Protect the skin of the arm and hand with padding/cotton sleeve to avoid pressure sores, especially on the distal ulna and styloid process of the radius.
In compliant patients, only the affected and the directly neighboring fingers may be included in the splint.
Create a splint of at least 6 slabs of cast bandage. It should cover the dorsal or palmar half of the forearm, wrist, and hand.
The wrist should be in neutral or up to 15° extension.
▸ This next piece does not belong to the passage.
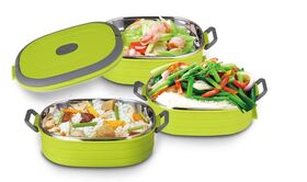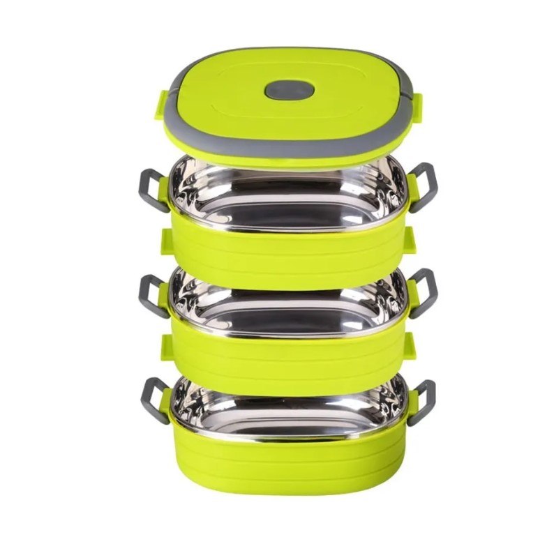 Термоконтейнер состоит из 3 емкостей объемом 900 мл каждая.
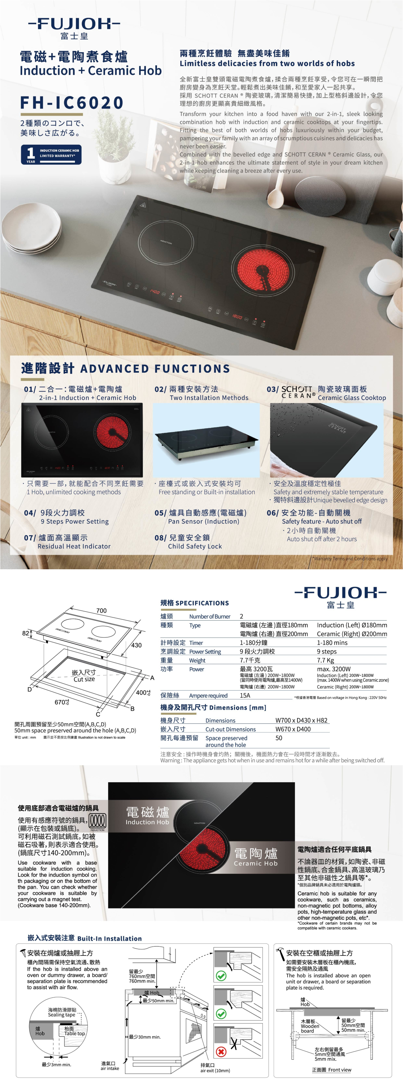 Fujioh 富士皇 FH-IC6020 70厘米 嵌入式電磁及電陶爐

The splint is held in place with an elastic bandage. The bandage should not be overtightened at the level of the wrist joint to avoid excessive swelling of the hand.
Direct skin contact with adjacent fingers should be prevented by placing gauze pads between them.
In a dorsal splint, buddy strap the injured finger to an adjacent finger.
The aftercare can be divided into four phases of healing:
Full details on each phase can be found here.
X-ray checks of fracture position should be performed immediately after the splint has been applied.
Follow-up x-rays with the splint should be taken after 1 week and after 2 weeks if there is doubt about maintenance of reduction.
Splinting is continued until about 4 weeks after the injury. At that time, an x-ray without the splint is taken to confirm healing, and range of motion should be pain-free.
Splinting can then usually be discontinued, and active mobilization is initiated. Functional exercises are recommended.
If, after 8 weeks, x-rays confirm healing, full manual loading can be permitted.